Output exactly the lines of the listing below that run from the line with "목포농협(조합장 박정수)이 상호금융대출금" through the line with "Detaljer skaber helheden!". No pictures.

----

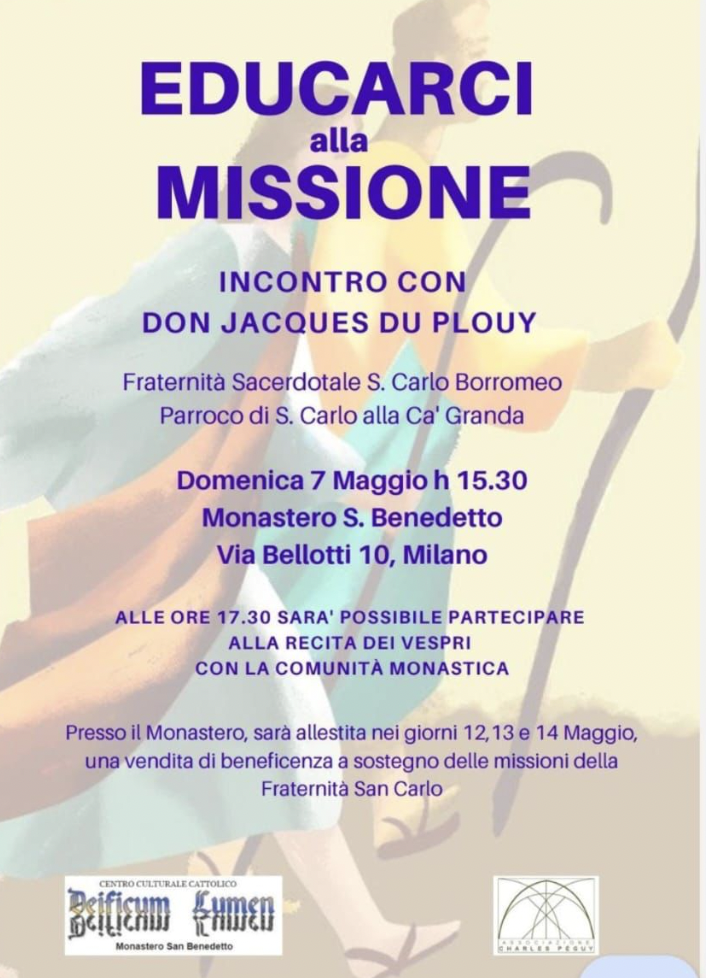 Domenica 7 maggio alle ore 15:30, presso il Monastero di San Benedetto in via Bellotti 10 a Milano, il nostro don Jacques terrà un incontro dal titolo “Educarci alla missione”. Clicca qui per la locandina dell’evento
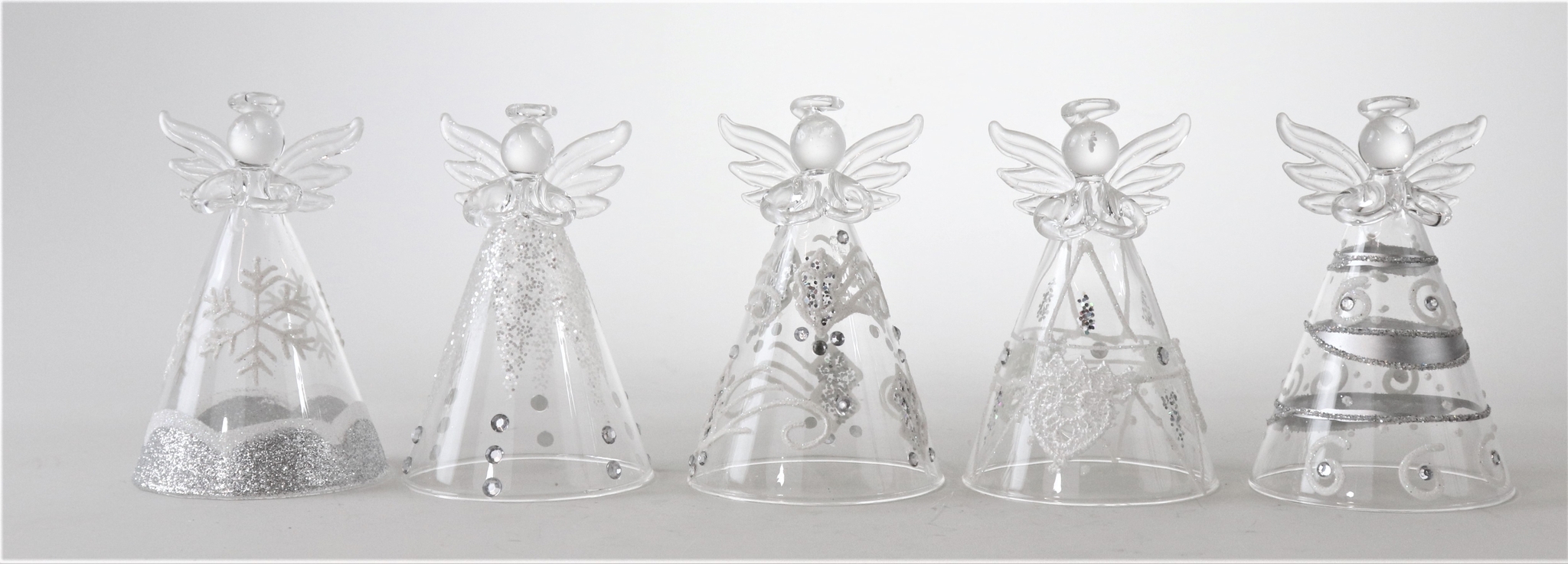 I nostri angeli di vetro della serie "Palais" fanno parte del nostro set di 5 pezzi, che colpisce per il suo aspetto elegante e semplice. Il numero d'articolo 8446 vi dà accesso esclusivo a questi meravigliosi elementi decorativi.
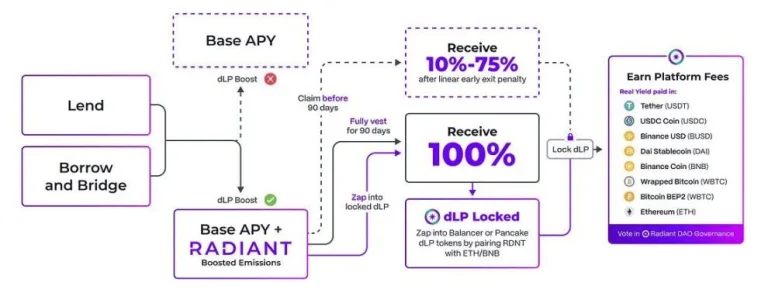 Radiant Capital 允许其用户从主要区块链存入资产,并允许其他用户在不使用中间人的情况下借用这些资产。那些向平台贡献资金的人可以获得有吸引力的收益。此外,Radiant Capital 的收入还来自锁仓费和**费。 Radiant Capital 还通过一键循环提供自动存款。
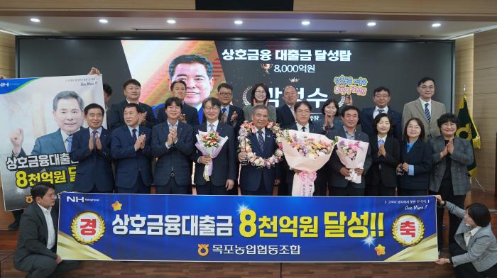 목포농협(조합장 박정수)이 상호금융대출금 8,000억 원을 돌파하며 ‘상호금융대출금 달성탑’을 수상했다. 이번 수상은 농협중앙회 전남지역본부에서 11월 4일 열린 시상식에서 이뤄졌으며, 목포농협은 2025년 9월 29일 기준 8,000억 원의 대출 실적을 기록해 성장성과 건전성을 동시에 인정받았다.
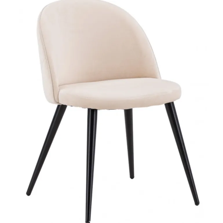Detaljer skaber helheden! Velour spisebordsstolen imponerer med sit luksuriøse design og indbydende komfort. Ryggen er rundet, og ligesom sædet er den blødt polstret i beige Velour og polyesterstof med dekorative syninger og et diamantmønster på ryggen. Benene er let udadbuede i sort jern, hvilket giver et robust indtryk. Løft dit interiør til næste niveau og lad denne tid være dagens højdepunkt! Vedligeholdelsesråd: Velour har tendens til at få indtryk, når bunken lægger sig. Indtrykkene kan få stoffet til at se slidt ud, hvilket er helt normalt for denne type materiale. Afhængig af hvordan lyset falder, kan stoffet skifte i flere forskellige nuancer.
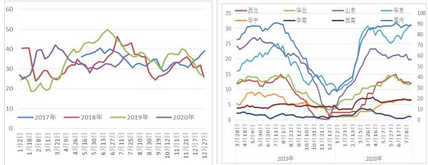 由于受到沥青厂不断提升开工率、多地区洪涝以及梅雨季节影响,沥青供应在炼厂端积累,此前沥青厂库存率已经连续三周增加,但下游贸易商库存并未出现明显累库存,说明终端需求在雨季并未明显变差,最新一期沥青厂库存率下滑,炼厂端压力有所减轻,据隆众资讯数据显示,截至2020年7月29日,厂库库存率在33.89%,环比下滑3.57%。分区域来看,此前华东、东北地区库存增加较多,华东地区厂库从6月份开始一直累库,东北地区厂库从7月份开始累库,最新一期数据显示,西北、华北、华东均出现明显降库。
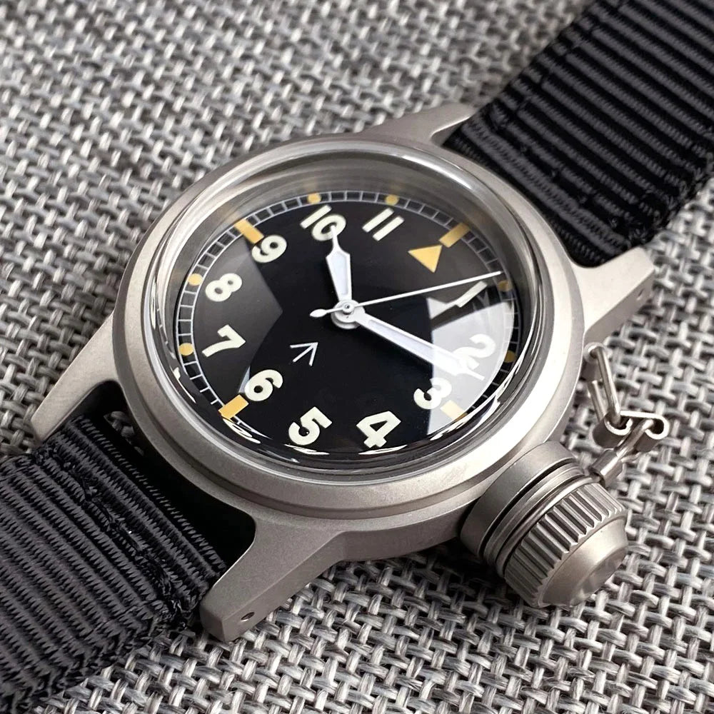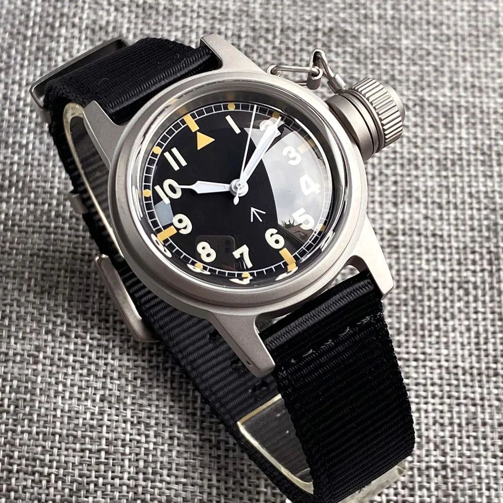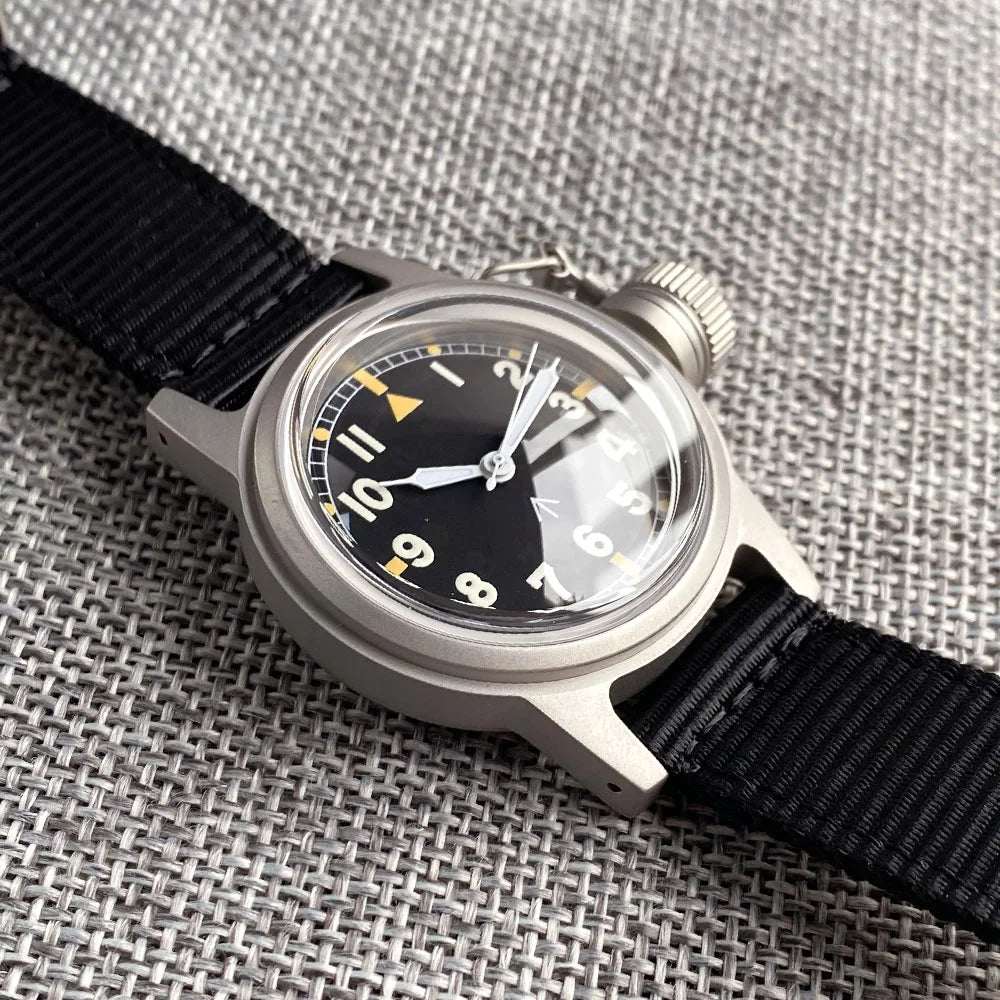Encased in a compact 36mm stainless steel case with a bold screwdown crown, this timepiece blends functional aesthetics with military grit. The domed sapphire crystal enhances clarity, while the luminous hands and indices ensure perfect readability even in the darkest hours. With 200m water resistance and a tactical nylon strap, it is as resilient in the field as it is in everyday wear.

----

Exercise response
 목포농협(조합장 박정수)이 상호금융대출금 8,000억 원을 돌파하며 ‘상호금융대출금 달성탑’을 수상했다. 이번 수상은 농협중앙회 전남지역본부에서 11월 4일 열린 시상식에서 이뤄졌으며, 목포농협은 2025년 9월 29일 기준 8,000억 원의 대출 실적을 기록해 성장성과 건전성을 동시에 인정받았다.
Detaljer skaber helheden! Velour spisebordsstolen imponerer med sit luksuriøse design og indbydende komfort. Ryggen er rundet, og ligesom sædet er den blødt polstret i beige Velour og polyesterstof med dekorative syninger og et diamantmønster på ryggen. Benene er let udadbuede i sort jern, hvilket giver et robust indtryk. Løft dit interiør til næste niveau og lad denne tid være dagens højdepunkt! Vedligeholdelsesråd: Velour har tendens til at få indtryk, når bunken lægger sig. Indtrykkene kan få stoffet til at se slidt ud, hvilket er helt normalt for denne type materiale. Afhængig af hvordan lyset falder, kan stoffet skifte i flere forskellige nuancer.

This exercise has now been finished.